In this regard, I find it interesting that recent studies found that the Pontic-Caspian steppe people were nutritionally stressed as children, and that the Finnish population went though an extreme bottleneck. Those sound like famine conditions to me.

In situations where crops couldn't be grown, or suddenly failed, and people were limited to a more pastoral diet, the ability to digest fresh milk would have been a definite advantage, although it might have taken quite a while to spread widely in a population. This would explain why the herders on the steppe had such deficits in nutrition in childhood. It also would have taken time to figure out how to keep the animals lactating all year long.

I think people also forget that it's taken thousands of years to reach current levels even in northern Europe. While in Germany about 70% of the people in one area carried it by 1200 AD, in neighboring Hungary in 1000 AD, the figure was only 33%.

I think this study on it is pretty good, as it's pretty recent, and provides a nice summary of the literature.
http://www.plosone.org/article/info:doi/10.1371/journal.pone.0086251

"The culture-historical hypothesis posits that the LP allele arose from low frequency through selection in cultures with a long history of dairying. By contrast, the reverse-cause hypothesis holds that the LP allele may have already been common in certain populations due to genetic drift and only these populations would have adopted the cultural practice of dairying. Additional genetic pressures may have existed in arid climates where milk is one of the only clean sources of water [27] or in northern latitudes where, in the absence of vitamin D, the presence of lactose facilitates the absorption of calcium by the intestinal mucosa and thus reduces the risk of rickets and osteomalacia [28]. Rickets and osteomalacia can cause deformation of the pelvis and are leading causes of obstructed labor and consequent maternal mortality and perinatal morbidity in traditional societies without access to modern medical care [29]."

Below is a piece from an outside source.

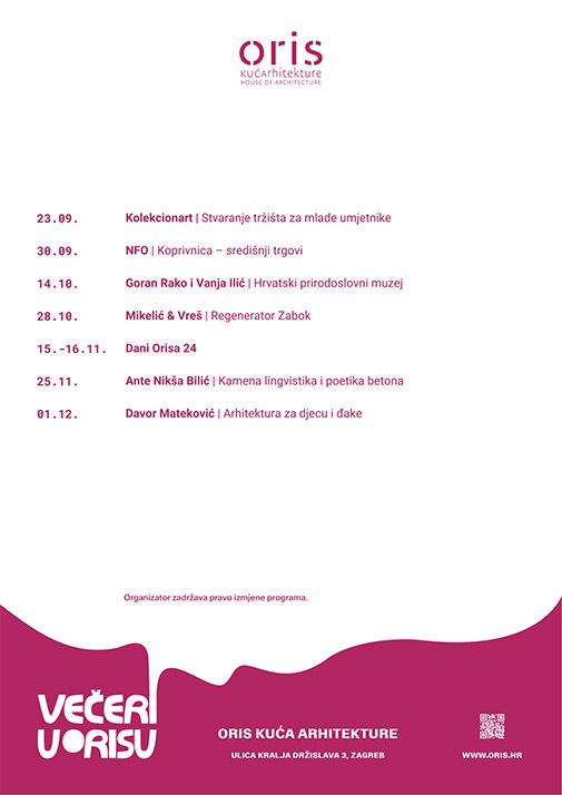 “Evenings in Oris” is a series of panel discussions, talks and lectures held by architects and authors from other fields of creativity - scientists, artists, writers, musicians and others. The series takes place every second Monday in the Oris House of Architecture gallery in Zagreb. With this project, Oris House of Architecture wants to provide all generations with the opportunity for cultural, productive and creative socializing, which we sometimes truly lack. At “Evenings in Oris”, interesting lectures are accompanied by the audience's involvement in discussions and socializing in a pleasant atmosphere usually with a glass of wine.

Ed. Given it's distribution, and the fact that it was found in the Basque Neolithic samples, I think there's a question whether it expanded from the Steppe or from Iberia, perhaps with mtDna "H"? That's why it would be interesting to get access to more of the data from the study in the OP.

Yes, that's how I imagine it.

Given that initially most people would have got sick from drinking raw milk thus making the situation worse then famine (or hunger generally) strikes me as the most likely driver for people (kids maybe?) deciding to drink it anyway and so the regions around the edge of the farming zone having domesticated animals but relatively poor crop yields would seem the most likely places for this to arise which points towards the zone around the northern and western edges of the LBK zone.


I think people also forget that it's taken thousands of years to reach current levels even in northern Europe. While in Germany about 70% of the people in one area carried it by 1200 AD, in neighboring Hungary in 1000 AD, the figure was only 33%.

If the primary benefit was proportional to lack of alternative calories then I'd imagine the percentage (in the most effected areas) could have got very high very quickly during the metal ages and then mostly stabilized over time as farming improved with better seeds, technology (heavy plow) etc.

If so I wouldn't be surprised if there were ancient populations around the northern and western rim who were almost 100% LP with the percentage declining rapidly south-east - but even if that was the case then yes apart from those regions a slow process.

(A few of those rim populations might even be less LP than they were in ancient times.)


I think there's a question whether it expanded from the Steppe or from Iberia, perhaps with mtDna "H"?

If it was an uncommon random mutation which spread dramatically because it made a life or death difference in particular regions during a particular time period I'd have thought it was extremely likely to be connected to the particular Haplogroup(s) of the person(s) who developed the mutation.